Data for this exercise:
□ □ □ □
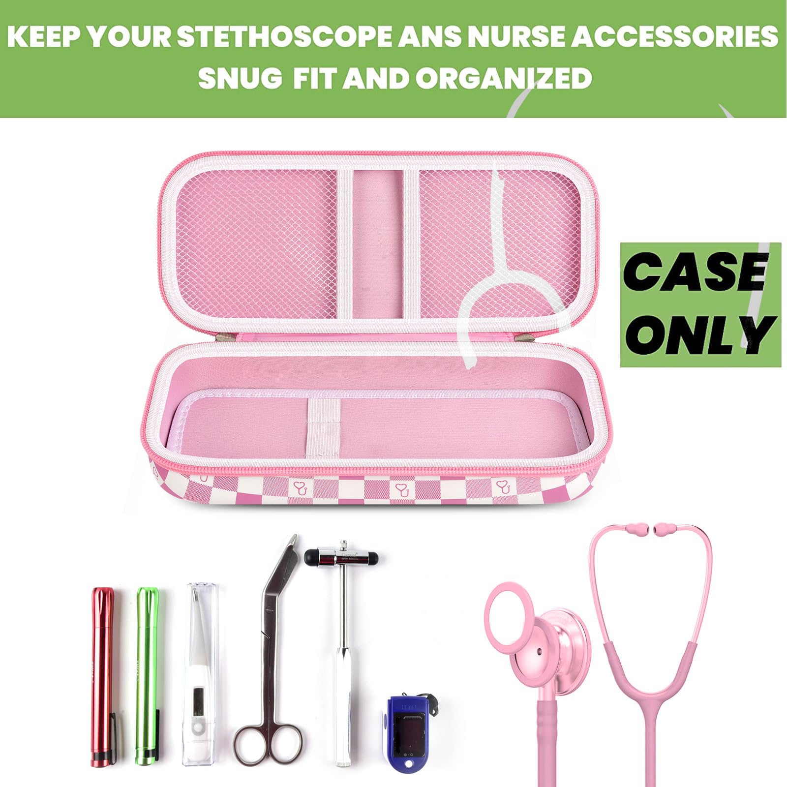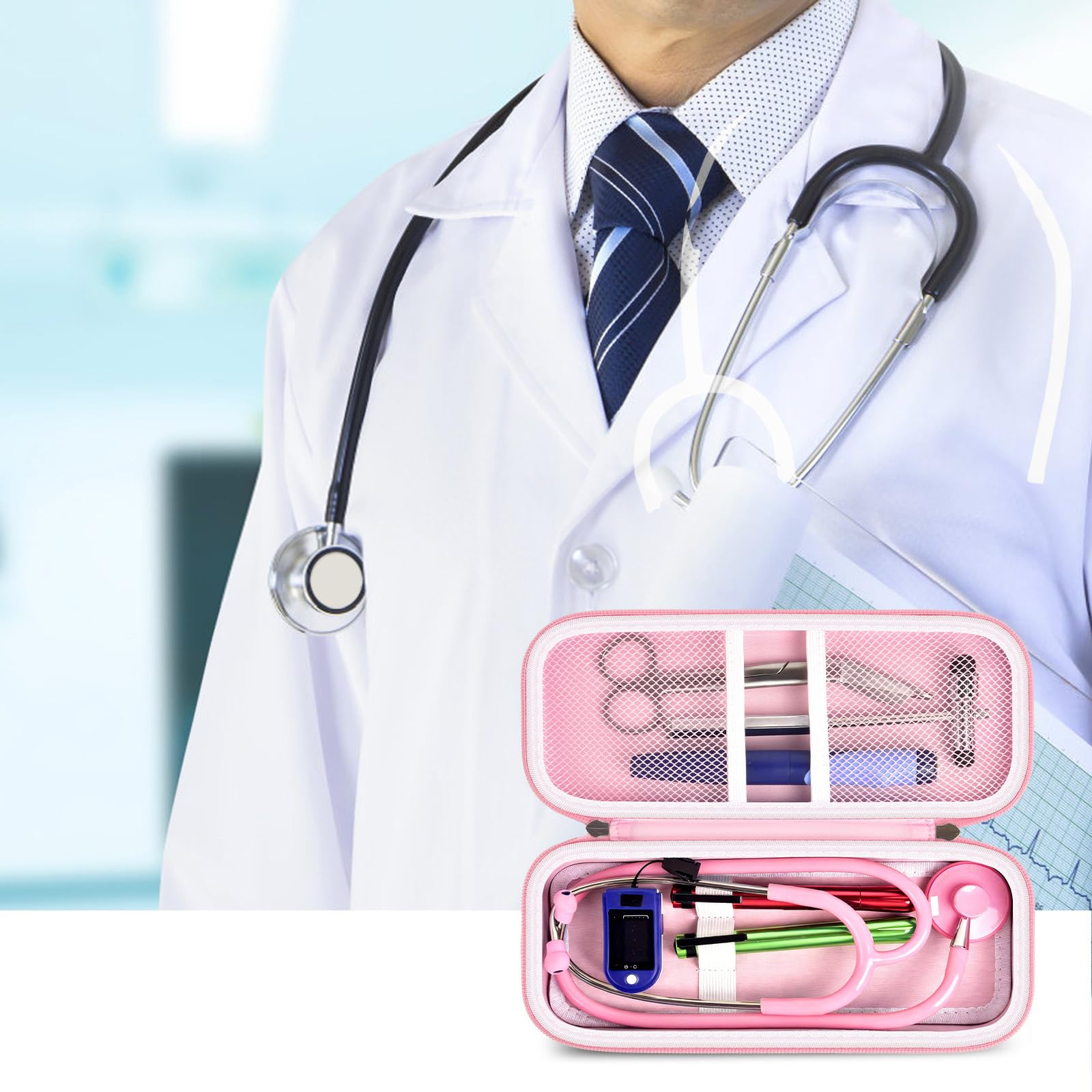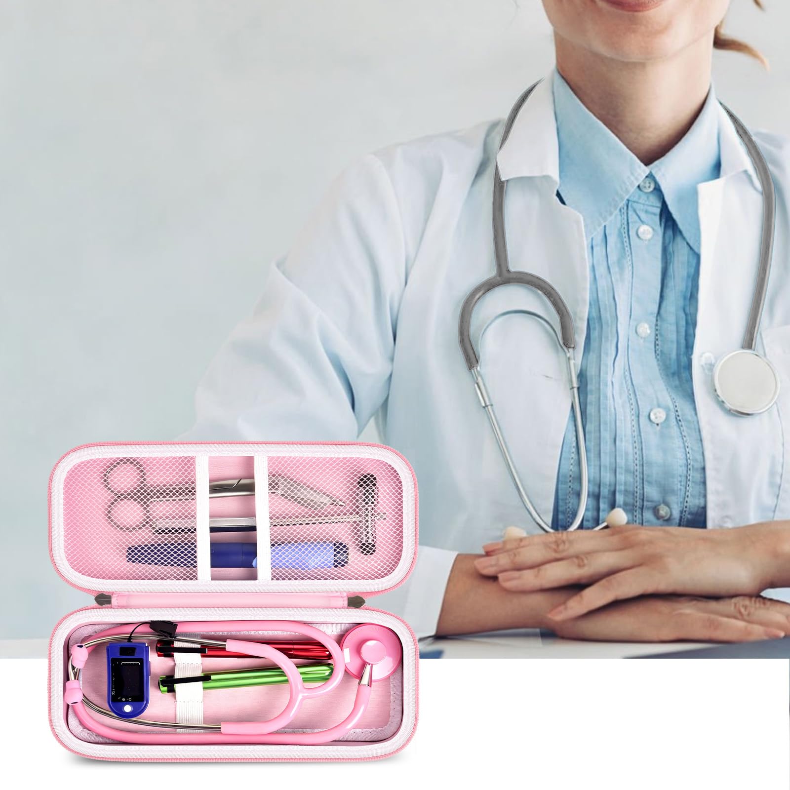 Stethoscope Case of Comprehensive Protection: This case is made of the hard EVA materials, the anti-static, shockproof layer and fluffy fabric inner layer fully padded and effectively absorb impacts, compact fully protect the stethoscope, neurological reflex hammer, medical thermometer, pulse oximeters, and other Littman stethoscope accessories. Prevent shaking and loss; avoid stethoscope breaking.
□ □ □ □
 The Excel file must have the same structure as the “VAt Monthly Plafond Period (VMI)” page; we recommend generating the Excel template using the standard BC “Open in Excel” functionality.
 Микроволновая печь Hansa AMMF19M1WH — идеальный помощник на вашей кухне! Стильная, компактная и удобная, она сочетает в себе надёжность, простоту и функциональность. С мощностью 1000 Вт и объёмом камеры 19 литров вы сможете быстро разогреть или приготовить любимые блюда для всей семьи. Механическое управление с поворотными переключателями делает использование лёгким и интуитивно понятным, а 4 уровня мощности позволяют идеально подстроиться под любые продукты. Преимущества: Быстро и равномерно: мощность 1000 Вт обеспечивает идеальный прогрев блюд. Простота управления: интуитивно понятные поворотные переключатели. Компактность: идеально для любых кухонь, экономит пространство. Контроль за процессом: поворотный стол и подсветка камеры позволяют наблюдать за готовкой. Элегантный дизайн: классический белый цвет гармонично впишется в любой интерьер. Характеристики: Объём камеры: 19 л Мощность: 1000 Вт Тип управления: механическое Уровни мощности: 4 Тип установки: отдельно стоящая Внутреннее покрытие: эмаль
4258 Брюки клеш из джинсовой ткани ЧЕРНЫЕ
□ □ □ □
Within the listing above, locate the line containing "The Excel file" and the line containing "4258 Брюки клеш из джинсовой ткани ЧЕРНЫЕ". Reproduce those two lines and all lines between them exactly, with nothing added.

Answer box:
 The Excel file must have the same structure as the “VAt Monthly Plafond Period (VMI)” page; we recommend generating the Excel template using the standard BC “Open in Excel” functionality.
 Микроволновая печь Hansa AMMF19M1WH — идеальный помощник на вашей кухне! Стильная, компактная и удобная, она сочетает в себе надёжность, простоту и функциональность. С мощностью 1000 Вт и объёмом камеры 19 литров вы сможете быстро разогреть или приготовить любимые блюда для всей семьи. Механическое управление с поворотными переключателями делает использование лёгким и интуитивно понятным, а 4 уровня мощности позволяют идеально подстроиться под любые продукты. Преимущества: Быстро и равномерно: мощность 1000 Вт обеспечивает идеальный прогрев блюд. Простота управления: интуитивно понятные поворотные переключатели. Компактность: идеально для любых кухонь, экономит пространство. Контроль за процессом: поворотный стол и подсветка камеры позволяют наблюдать за готовкой. Элегантный дизайн: классический белый цвет гармонично впишется в любой интерьер. Характеристики: Объём камеры: 19 л Мощность: 1000 Вт Тип управления: механическое Уровни мощности: 4 Тип установки: отдельно стоящая Внутреннее покрытие: эмаль
4258 Брюки клеш из джинсовой ткани ЧЕРНЫЕ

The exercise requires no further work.